*TASK INSTRUCTIONS:*
Look below for the line with "CASCHO Smart Watch" and the line with "Gaba Chesterfield-Sofagarnitur 3". Copy exactly those two lines and every line between, but not the pictures.

*EXTRACTED INFORMATION:*
⁂

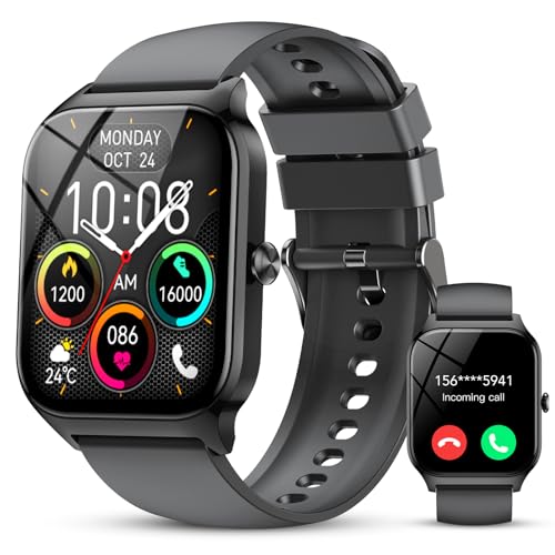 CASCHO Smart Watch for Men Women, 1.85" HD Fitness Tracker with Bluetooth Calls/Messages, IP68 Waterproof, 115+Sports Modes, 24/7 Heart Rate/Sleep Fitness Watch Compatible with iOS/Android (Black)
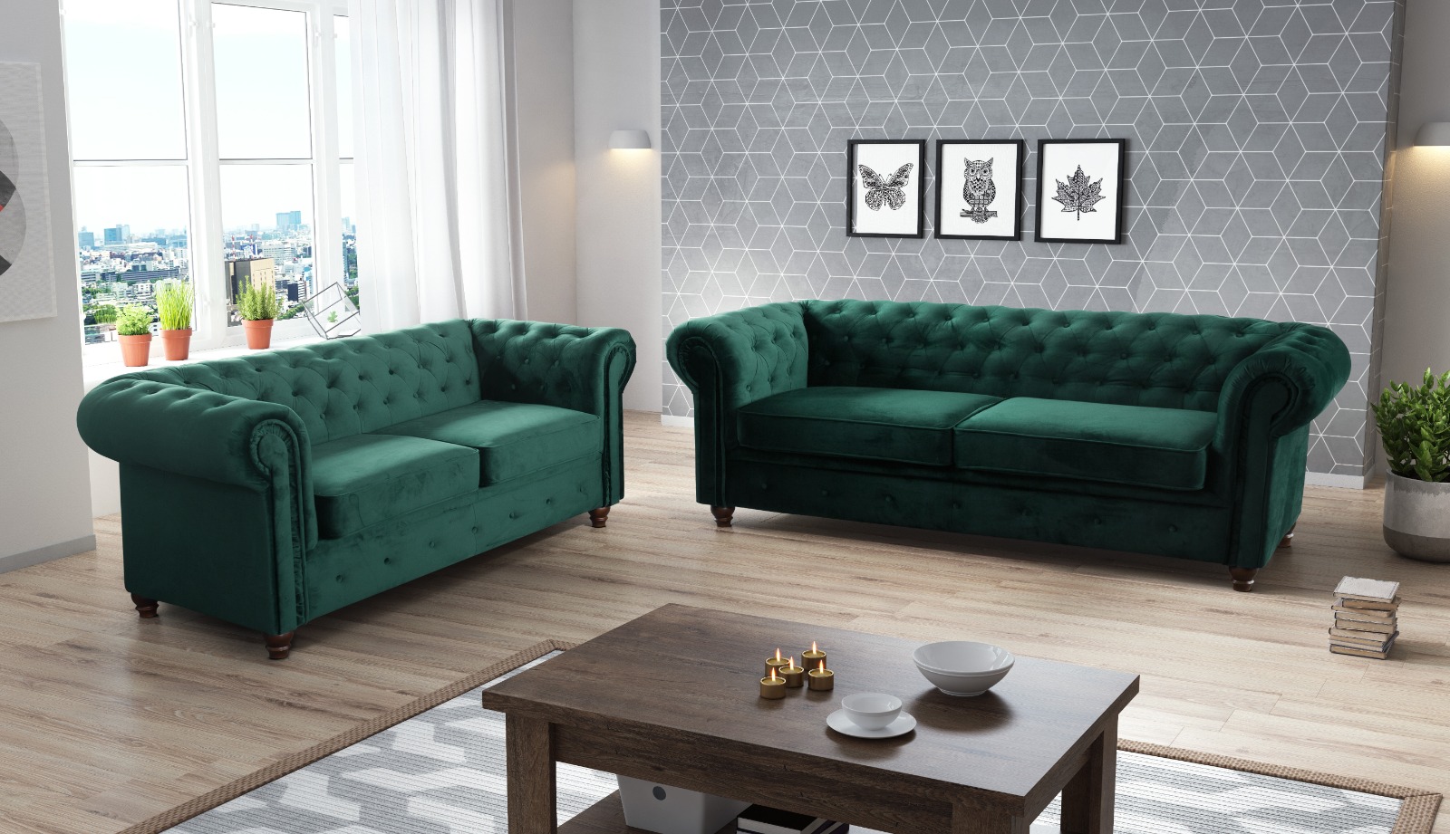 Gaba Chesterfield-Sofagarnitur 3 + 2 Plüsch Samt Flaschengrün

⁂

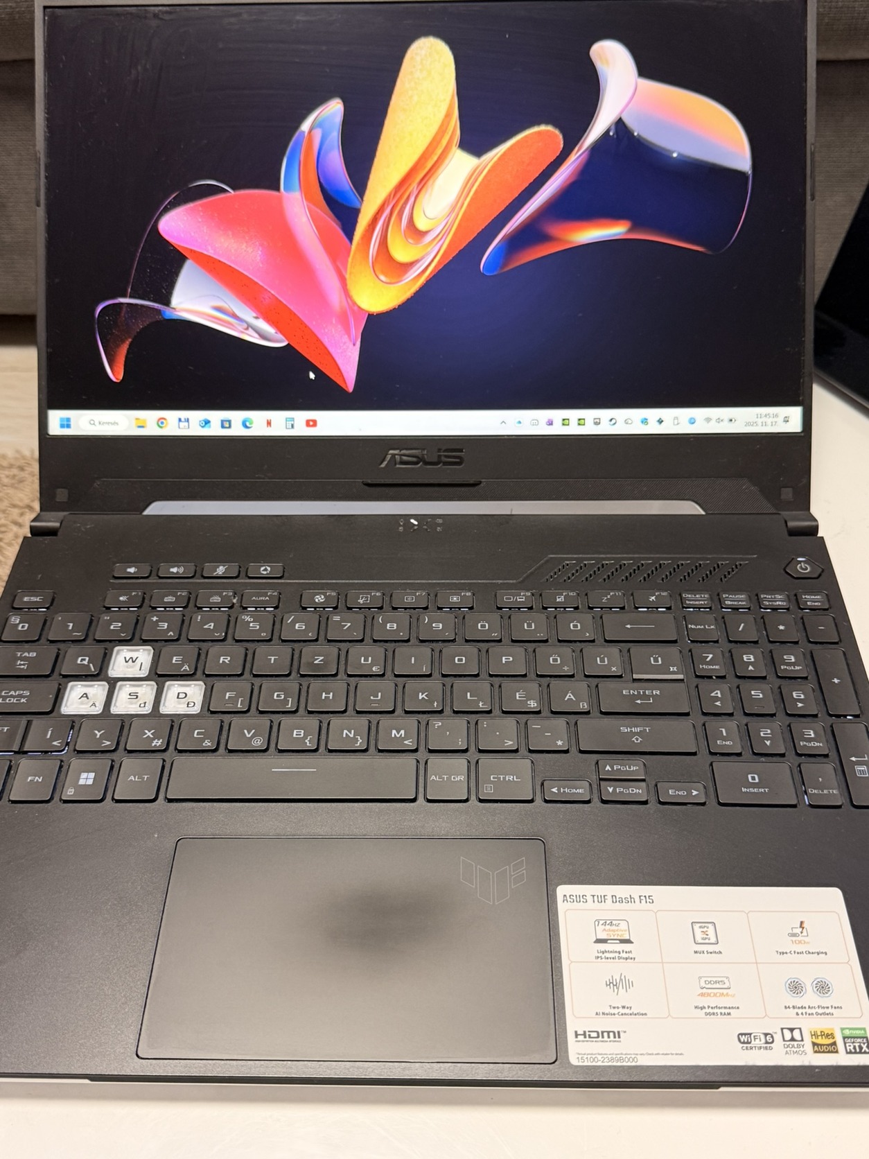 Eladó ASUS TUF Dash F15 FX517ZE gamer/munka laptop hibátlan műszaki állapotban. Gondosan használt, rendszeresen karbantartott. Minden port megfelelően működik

⁂

*TASK OUTPUT:*
 CASCHO Smart Watch for Men Women, 1.85" HD Fitness Tracker with Bluetooth Calls/Messages, IP68 Waterproof, 115+Sports Modes, 24/7 Heart Rate/Sleep Fitness Watch Compatible with iOS/Android (Black)
 Gaba Chesterfield-Sofagarnitur 3 + 2 Plüsch Samt Flaschengrün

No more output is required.